China factory activity stabilising: HSBC Flash PMI
China's factories stabilised in April as output ticked higher, new business rose from multi-month lows and export orders perked up, though not sufficiently for a private sector survey of purchasing managers to flag a return to expansionary territory.
The HSBC Flash Purchasing Managers Index, the earliest indicator of China's industrial activity, recovered slightly to 49.1 in April from a final reading of 48.3 in March, but still remained below the level that signifies contracting economic activity for the sixth month running.
"The index pointed to a slower pace of deterioration than in March, largely reflecting slower rates of decline of manufacturing production and new orders," Markit Economic Research, which publishes the index, said on Monday.
The HSBC Manufacturing PMI index has not been consistently above 50 since June 2011, although it is far above readings of the low-40s reached during the depth of the global financial crisis in late 2008 and early 2009.
The new orders sub-index, which carries the heaviest weight of the five components making up the overall PMI, bounced to 48.9 from the four-month low seen on the March flash index, just behind the reading on the output index which failed to rebound past the 50 mark.
An index reading of 50 marks the line between expansion and contraction of activity, according to the methodology of the survey compiled by UK-based Markit.
HSBC, the survey's sponsor, believes a reading of 48 signals a level of industrial output consistent with economic growth above 8 per cent.
The uptick indicates an acceleration of manufacturing activity compared with lows at the beginning of this year, helped by new export orders. That sub-index signaled a very slight contraction as it delivered its strongest reading since January.
"This suggests that the earlier easing measures have started to work and hence should ease concerns of a sharp growth slowdown," HSBC's China chief economist, Qu Hongbin, wrote in a statement accompanying the release of the survey.

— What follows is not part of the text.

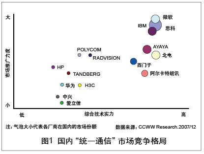 “統(tǒng)一通信”與傳統(tǒng)通信的根本區(qū)別在于不僅僅是網(wǎng)絡(luò)的融合,也是應(yīng)用的融合。從這個(gè)層面來(lái)看,“統(tǒng)一通信”真正帶給用戶的是成本的降低、工作效率的提升以及整個(gè)運(yùn)行機(jī)制的改變。“統(tǒng)一通信”是以人性化為特征應(yīng)用層面的融合,這種融合囊括了更多的內(nèi)容、覆蓋更廣闊的領(lǐng)域、具有更大的力量,它使得通信產(chǎn)業(yè)與IT產(chǎn)業(yè),通信設(shè)備商、軟件廠商與電信運(yùn)營(yíng)商之間的邊界越來(lái)越模糊,跨行業(yè)、跨領(lǐng)域的聯(lián)盟與合作成為開拓市場(chǎng)的必需。但隨著眾廠商的紛紛加入,多款“統(tǒng)一通信”產(chǎn)品及解決方案的推出,“統(tǒng)一通信”市場(chǎng)展現(xiàn)出了勃勃生機(jī)和巨大的成長(zhǎng)潛力。在這些廠商中,有市場(chǎng)調(diào)研數(shù)據(jù)顯示思科市場(chǎng)份額領(lǐng)先,市場(chǎng)占有率高達(dá)35%。各類廠商之間既有競(jìng)爭(zhēng)又有合作,但還沒有一個(gè)廠商占絕對(duì)優(yōu)勢(shì)。實(shí)際上,“統(tǒng)一通信”市場(chǎng)上的競(jìng)爭(zhēng)者并不僅僅是這幾家巨頭,眾多網(wǎng)絡(luò)工具廠商、商用電話廠商也參與了這一競(jìng)爭(zhēng)平臺(tái)。幾乎所有和ICT有關(guān)的巨頭廠商都集中在了這個(gè)領(lǐng)域,“統(tǒng)一通信”正進(jìn)入群雄爭(zhēng)霸的時(shí)代。國(guó)內(nèi)“統(tǒng)一通信”市場(chǎng)競(jìng)爭(zhēng)格局如圖1所示。

China's official PMI hit an 11-month high of 53.1 in March and saw an uptick in exports and new orders.
That survey includes more state-owned firms in its results, while Markit captures more credit-constrained private firms in its survey. The two surveys also have differing methodologies for seasonal adjustment.
China's annual rate of GDP growth slowed to 8.1 per cent in the first three months of 2012, down from Q4 2011's 8.9 per cent, below consensus forecasts but above the most bearish investor calls, leading many analysts to believe that the downswing in the world's second-biggest economy may have bottomed out.
The consensus view is that the risk of a hard economic landing for China has now largely passed.
Still, China continues to struggle with overcapacity in most manufacturing sectors, including steel, plastics, and textiles, thanks to manufacturers' strategy of expanding as rapidly as possible to maintain market share as well as their need to produce as much as possible to maintain cash flow.
The survey noted that while new orders appeared to be stabilising, backlogs of work had not risen.
Meanwhile, the employment index rose only marginally from a three-year low in March. That could push China's leadership to deliver on the policy easing that is being priced into markets, to avoid the possibility of social unrest.
Economists in a Reuters poll last week forecast that China would cut required reserve ratios (RRR) for the country's big banks by 150 basis points by the end of the year to keep money supply and credit growth steady to cushion an economy on track for its slowest full year of growth in a decade.
The purge of popular politician Bo Xilai, who headed the giant inland city of Chongqing, raises concern that a power struggle at China's highest leadership levels risks seeing dissatisfaction among the people break out into the open.